After studying at the University of Glasgow, where he established his lifelong friendship with Dugald Stewart, he studied civil law at Balliol College, Oxford. He was ordained in the Church of England as deacon in 1779 and as priest in 1782. He was appointed in 1778 to the curacy of Brancepeth, near Durham. In 1784 he married Dorothea Gregory, youngest daughter of Professor John Gregory of Edinburgh. She had escaped an arranged marriage designed by her employer Elizabeth Montagu to marry her to her nephew and heir when she met Alison.

==Career==
The next 20 years of his life were spent in England, where he held in succession the livings of High Ercall, West Lavington, Rodington and Kenley. From 1791 until his death, he held the title of Prebendary to Salisbury Cathedral.

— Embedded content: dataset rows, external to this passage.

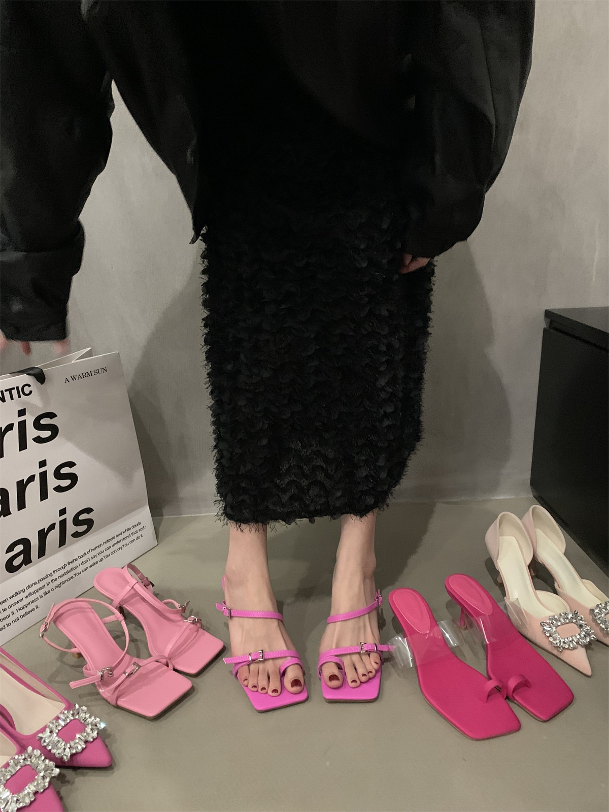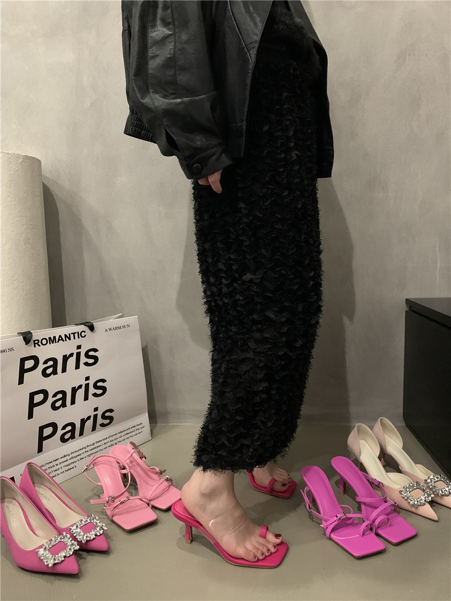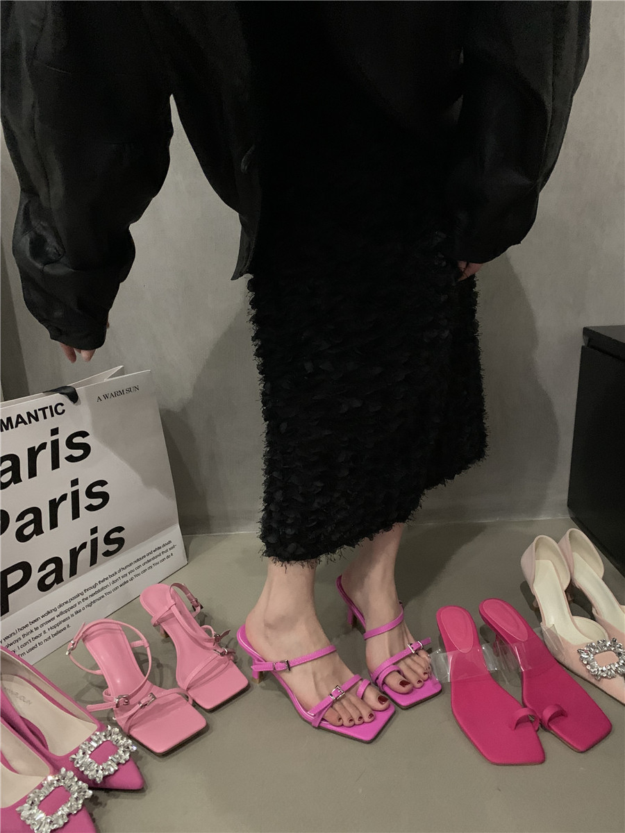 Сандалии, подходит с юбкой, обувь, слайдеры на высоком каблуке, тапочки, изысканный стиль, французский стиль
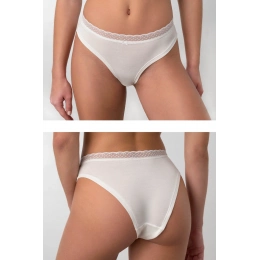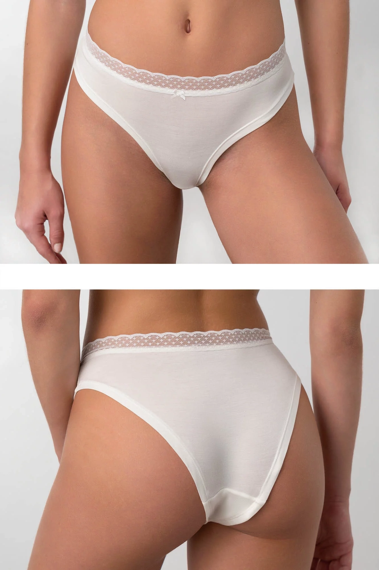 Pohodlné jednofarebné dámske nohavičky s čipkou, ktoré sú vyrobené z vysoko kvalitného Micro-modalu s prímesou Elastanu. Prírodný Micro-modal poskytuje výnimočnú mäkkosť, ľahkosť a pohodlie, je priedušný, pri praní sa nezráža, dobre absorbuje pot a rýchlo schne, zatiaľ čo Elastan dodáva odevu potrebnú pružnosť.
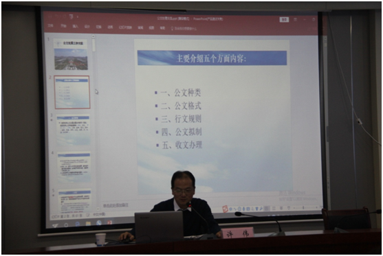 為進(jìn)一步提升公司員工公文寫作和處理能力,促進(jìn)公司公文處理工作實(shí)現(xiàn)規(guī)范化、標(biāo)準(zhǔn)化。11月22日,在公司12樓會議室組織開展了公文處理專題培訓(xùn),集團(tuán)公司全體干部職工、子公司主要負(fù)責(zé)人60余人參加了培訓(xùn)。培訓(xùn)邀請市政府辦副調(diào)研員許偉同志進(jìn)行授課。
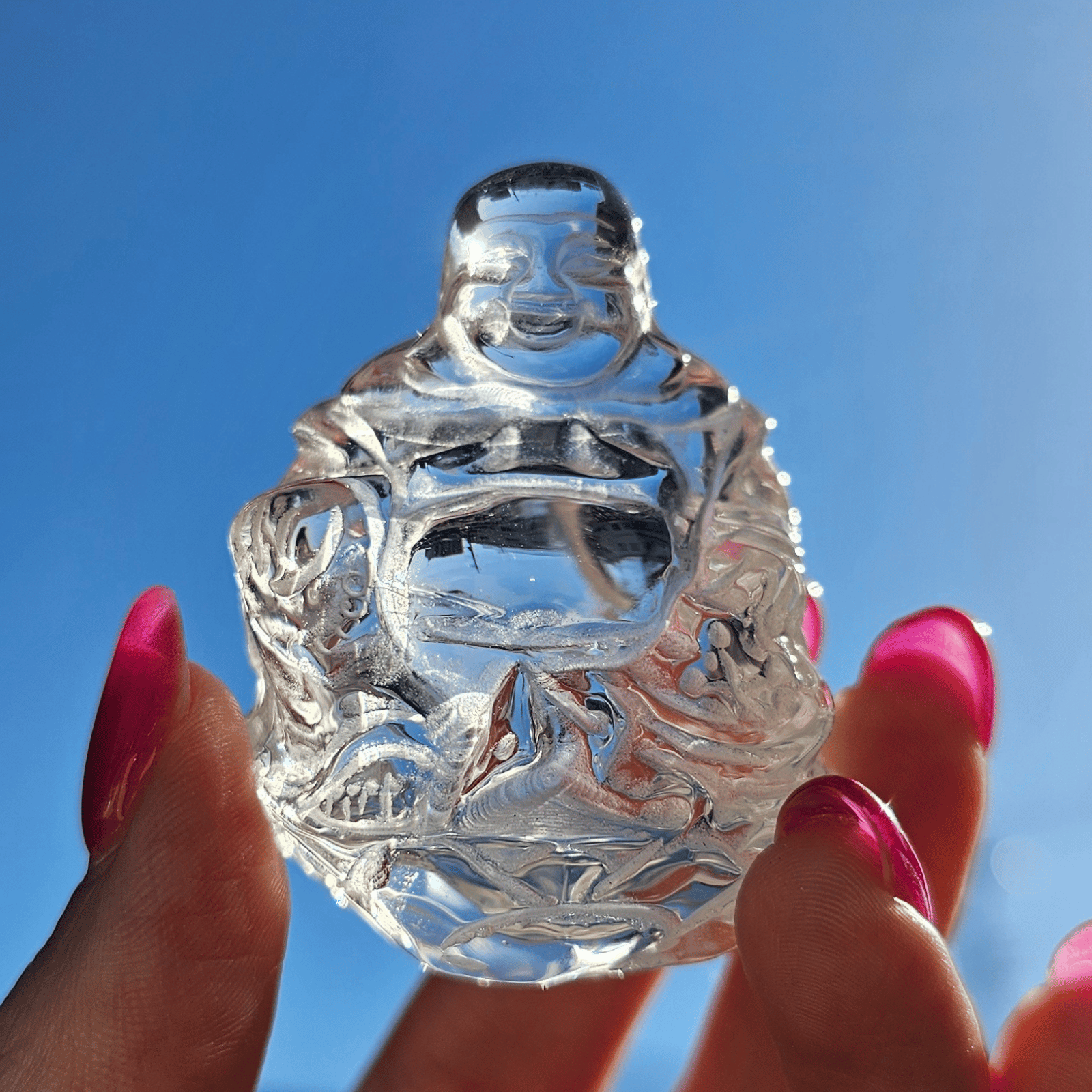 この布袋尊が、パワフルな水晶の中に彫刻されることで、

In 1800 he moved back to Edinburgh, having been appointed senior incumbent of episcopalian St Paul's Chapel in the Cowgate. For 34 years he filled this position with much ability; his sermons were characterised by quiet beauty of thought and grace of composition. His preaching attracted so many hearers that a new and larger church was built for him. The new St Paul's Chapel on York Place in Edinburgh's New Town was completed in 1818, and Alison, along with Rev Robert Morehead served as clergy there.

In 1832 he was living at 44 Heriot Row in Edinburgh's city centre. His last years were spent at Colinton near Edinburgh, where he died on 17 May 1839. He was interred at St John's Episcopal Churchyard in Edinburgh.

==Family==

He married Dorothea Gregory, the sister of James Gregory in 1784. She died in 1830. Their sons included Sir Archibald Alison, 1st Baronet and William Pulteney Alison.

==Works==

Alison published, besides a Life of Lord Woodhouselee, a volume of sermons, which passed through several editions, and a work entitled Essays on the Nature and Principles of Taste (1790), based on the principle of association of ideas.